Skip to content

Recall

What It Measures

Recall answers:

"Out of all relevant documents, how many did we retrieve in top-k?"

It focuses on coverage. High recall means the retriever found most of the relevant evidence.

Mathematical Formula

For query \(i\):

\[ \operatorname{Recall@}k_i = \frac{|G_i \cap R_i^{(k)}|}{|G_i|} \]

Across all queries:

\[ \operatorname{MeanRecall@}k = \frac{1}{|Q|} \sum_{i=1}^{|Q|} \operatorname{Recall@}k_i \]

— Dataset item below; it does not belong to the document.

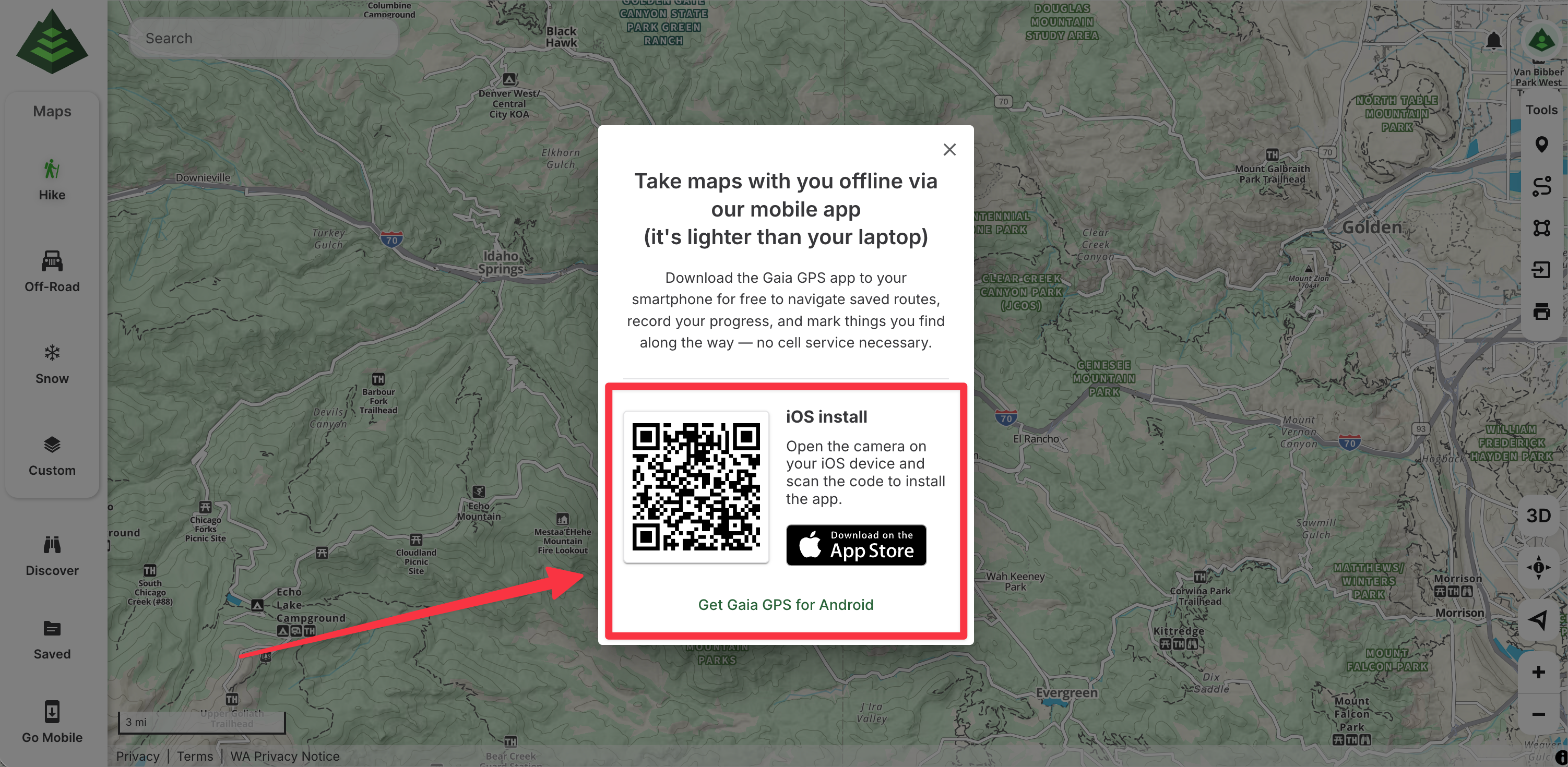 Download the Gaia GPS app on your phone or tablet and start navigating like a pro. Head to the App Store or the Play Store on your device to download the app for free today.

When \(k\) is smaller than the number of relevant documents, recall has a ceiling:

\[ \operatorname{Recall@}k_i \leq \frac{k}{|G_i|} \quad \text{when } k < |G_i| \]

Formula Breakdown

  • \(Q\): set of evaluation queries
  • \(G_i\): ground truth relevant ids for query \(i\)
  • \(R_i^{(k)}\): first \(k\) retrieved ids for query \(i\)
  • \(|G_i \cap R_i^{(k)}|\): number of relevant hits in top-k
  • \(|G_i|\): total relevant ids for that query

Evret returns 0.0 for a query when its relevant set is empty.

Worked Example

Given:

  • k = 5
  • retrieved@5 = [d1, d4, d2, d9, d8]
  • relevant = {d2, d8, d10}

Step 1: relevant hits in top 5 are {d2, d8}, so hits = 2.

Step 2: total relevant ids = 3.

\[ \operatorname{Recall@}5 = \frac{2}{3} = 0.6667 \]

When To Use

  • Multi-document QA
  • Domains where missing information is risky
  • Comparing retrievers for completeness